ES細胞・iPS細胞の3D培養による未分化維持や分化誘導促進

【論文情報】
Three-dimensional system enabling the maintenance and directed differentiation of pluripotent stem cells under defined conditions.
Zujur D, Kanke K, Lichtler AC, Hojo H, Chung UI, Ohba S.
Sci Adv. 2017 May 12;3(5):e1602875. PMID: 28508073

【概要】
三次元培養（3D培養）は、従来の平面培養と比べてより生理的条件に近く、細胞培養と生体組織のギャップをつなぐ有望な代替法になってきています。

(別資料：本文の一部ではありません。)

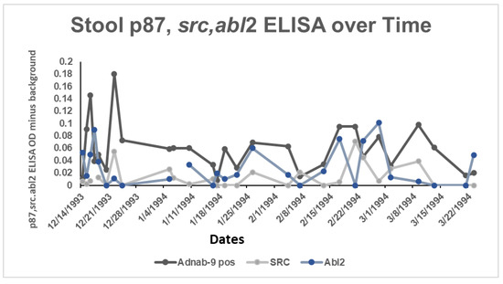 The ELISA was standardized for protein (5 µg/well), and Western blotting for specific bands was performed, as well as in the subset of patients who signed an additional Phase-2 consent for regional colonic biopsies, as described above, and subsequent immunohistochemical Adnab-9 labeling. The ELISA assay and Western blotting had been described in detail and published previously [11]. Briefly, microplate wells were instilled in duplicate wells with the stool extracts at 5 µg protein/50 μL PBS per well Primary Adnab-9 (previously available from DakoCytomation, Carpinteria, CA, USA). Anti-p87 monoclonal murine ascites was applied at a 1:500 dilution followed by secondary goat anti-mouse biotinylated antibody, followed by an avidin linker with alkaline phosphatase from a commercial kit (Vector Labs Inc., Burlingame, CA, USA) as part of a standardized kit and performed according to the manufacturer’s protocol. Antibody-bound antigen was detected with a pNPP (p-nitrophenyl phosphate solution—Sigma, Santa Fe, NM, USA), and the wells were read with a microplate reader at 405 nm wavelength (ThermoFisher Scientific Waltham, MA, USA). Control wells were treated with a primary anti-levan (plant carbohydrate) murine monoclonal antibody (UPC 10 Sigma Aldrich, St. Louis, MO, USA) of the same Ig2a isotype as Adnab-9. The assay reproducibility was highly specific even after a decade of −70 °C storage [15]. The data were expressed as OD-background/5µg protein. For the purposes of calculating the FERAD ratio, if the ELISA result was zero, we regarded it as 0.001 to be able to include these patients. Western blotting was likewise achieved using components of an immunoperoxidase kit using 3,3′,5,5′-tetramethylbenzidine (TMB) as substrate (ThermoFisher Scientific) using p87 isolated from pooled colorectal adenoma extract as the positive control in each procedure. Ten µg of protein sample were electrophoresed on a 9.6% sodium dodecyl sulfate-polyacrylamide gel and then transferred to PVDF membrane, after which Adnab-9 was applied in the ABC technique, as described above, to reveal specific bands, as compared to molecular weights standards run simultaneously to allow for determination of the relative mobility of the detected bands. An identical membrane was processed with an irrelevant monoclonal of the same isotype as Adnab-9 to ensure specificity. In the course of the characterization of the Adnab-9 monoclonal antibody, stool was collected from a healthy infant for 2 months. Amongst other markers, p87 binding was performed in the ELISA, as described above. Fortuitously, binding of other available antibodies now having COVID-19 relevance, Src and Abl, (antibodies were gifted by Dr. A. Majumdar), were also able to be performed. As described above, p87 Western blotting and ELISA of the adult and neonatal stool (obtained from a previous study) were performed.

平面培養と3D培養では、細胞間あるいは細胞と細胞外マトリックスとの相互作用が根本的に異なると認識されており、その違いが細胞の挙動を制御する分子パスウェイを変化させ、表現系や機能のような明確な生物学的事象として現れます。

ところで、筆者らは多能性幹細胞の骨芽細胞への分化のため、4つの低分子化合物を用いた無血清かつフィーダーフリーでの段階的な分化誘導プロトコルを報告済みです。

しかし、同手法は従来の平面培養で確立されたものであったため、適切な3D培養の条件を検討することにより、マウス多能性幹細胞の未分化状態維持およびその後の骨芽細胞の分化を促進させると筆者らは考えました。

筆者らはまず、培地中に2種類の低分子阻害剤およびLeukemia inhibitor factor（2iLIF）添加群と未添加群を用意し、マウスES細胞を平面培養した場合とコラーゲンスポンジ マイティーに播種して3D培養した場合とをそれぞれ比較しました。

その結果、2iLIF添加群では未分化マーカーのPou5f1やSox2の発現量はいずれの培養方法でも同程度でしたが、Nanogに関しては3D培養での発現量が高いことが認められました。

加えて、2iLIF未添加群では平面培養されたES細胞では未分化マーカーの発現量が減少したのに対し、3D培養されたES細胞では2iLIF添加群と同程度の発現量を維持可能であることがわかりました。

次いで、上述の骨分化誘導プロトコルをES細胞の3D培養と組み合わせたところ、培養19～26日目にかけて骨細胞のマーカーであるDmp1およびSostの高発現が認められました。

さらに、同分化誘導プロトコルと3D培養をマウスiPS細胞の骨分化誘導に応用したところ、ES細胞と類似の結果が得られることから、3D培養が多能性幹細胞の未分化維持や分化誘導に有用であることが示唆されました。